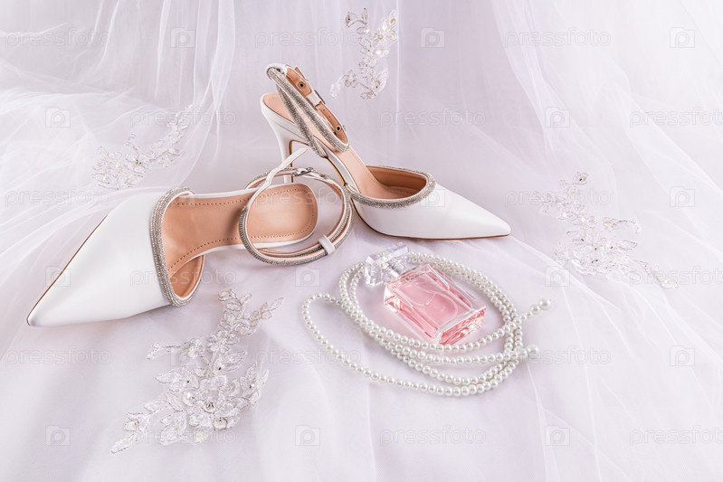 Шикарные туфли невесты стоят на вышитом свадебном платье со стразами. Флакон розовых духов, окруженный жемчужными бусинами. свадебный натюрморт
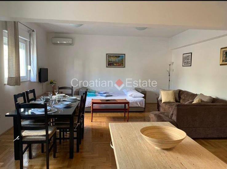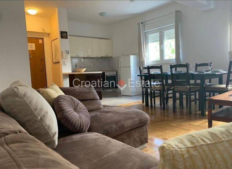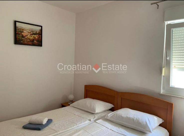 Iznajmljujemo komforni dvosobni stan smješten u prizemlju novije zgrade u mirnom dijelu Marjana. Stambena površina stana iznosi 85m2, a sastoji se od kuhinje s blagovaonicom i dnevnim boravkom, dvije spavaće sobe, dva kupatila i ima zajedničko korištenje dijela dvorišta.
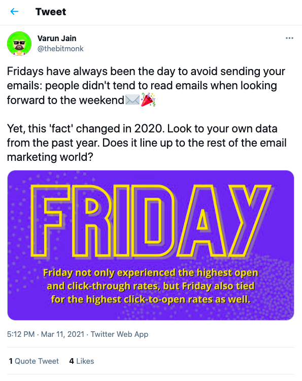 You must have heard this advice to choose Monday or Tuesday to send your emails as they are the best time to get maximum engagement. Here's a reasoning for that - on Monday people clear their pile of emails, take meetings etc., so Tuesdays are better. Thursday, because by then they are looking towards the weekend and have relaxed a bit into week's work. These might be good for infomercial sales emails or eCommerce emails.
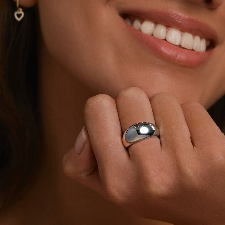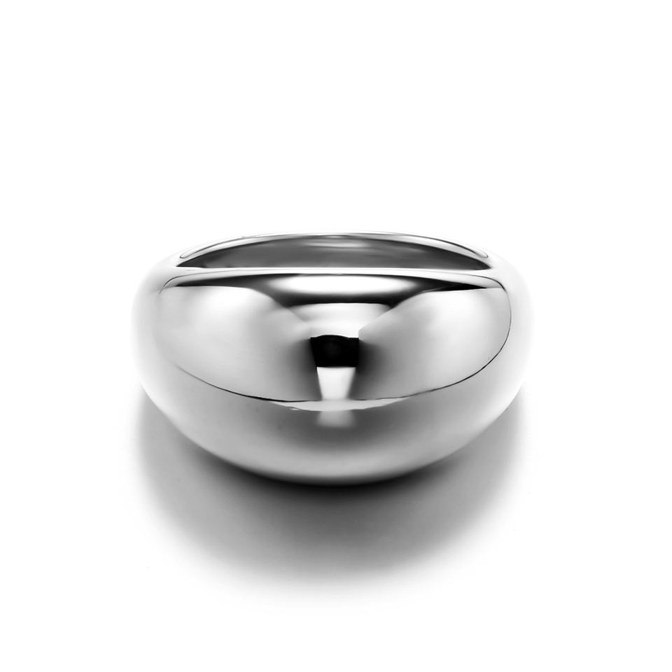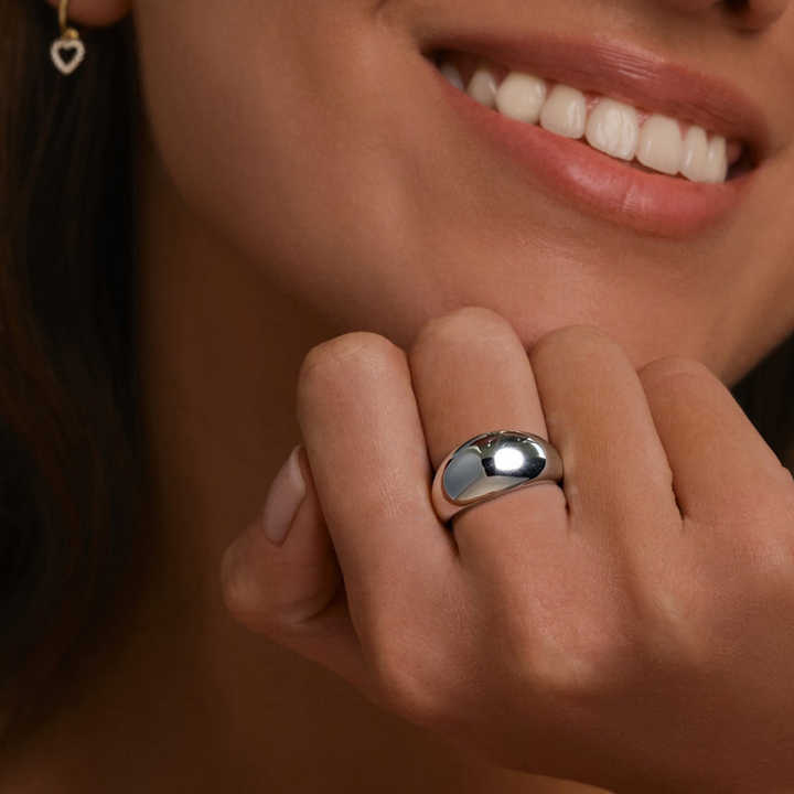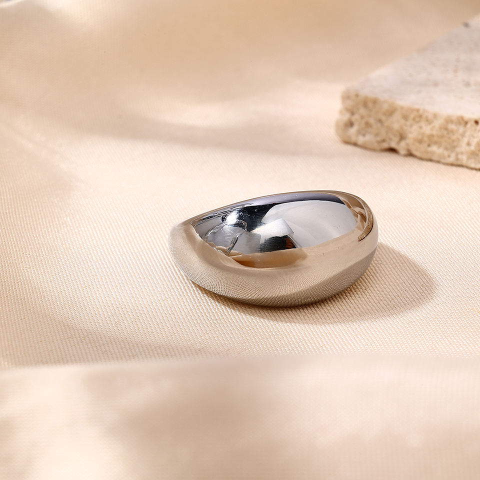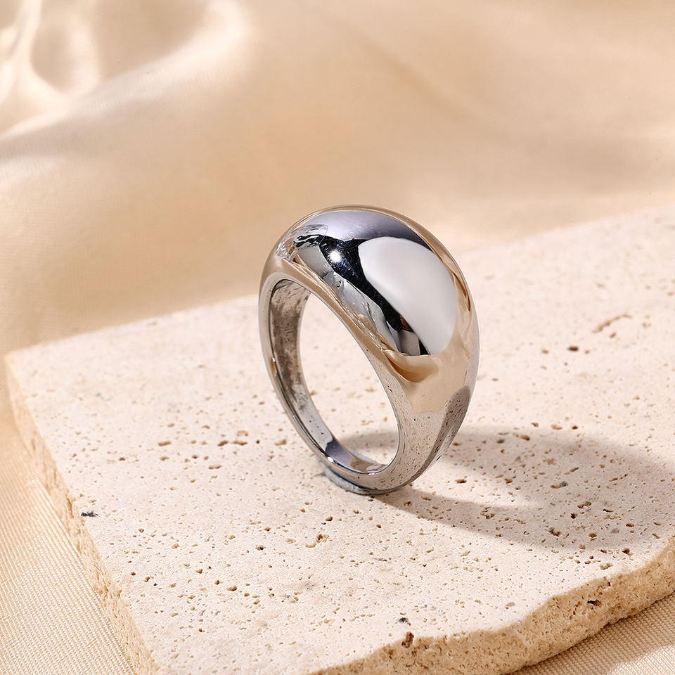 Bague épaisse POP en acier inoxydable plaqué argent, lisse, poli, haute texture, lourde, signature simple, bijoux classiques

## Work to complete
Could you print the data exactly as it appears and keep the pictures out?

## Output of the task
 Шикарные туфли невесты стоят на вышитом свадебном платье со стразами. Флакон розовых духов, окруженный жемчужными бусинами. свадебный натюрморт
 Iznajmljujemo komforni dvosobni stan smješten u prizemlju novije zgrade u mirnom dijelu Marjana. Stambena površina stana iznosi 85m2, a sastoji se od kuhinje s blagovaonicom i dnevnim boravkom, dvije spavaće sobe, dva kupatila i ima zajedničko korištenje dijela dvorišta.
 You must have heard this advice to choose Monday or Tuesday to send your emails as they are the best time to get maximum engagement. Here's a reasoning for that - on Monday people clear their pile of emails, take meetings etc., so Tuesdays are better. Thursday, because by then they are looking towards the weekend and have relaxed a bit into week's work. These might be good for infomercial sales emails or eCommerce emails.
 Bague épaisse POP en acier inoxydable plaqué argent, lisse, poli, haute texture, lourde, signature simple, bijoux classiques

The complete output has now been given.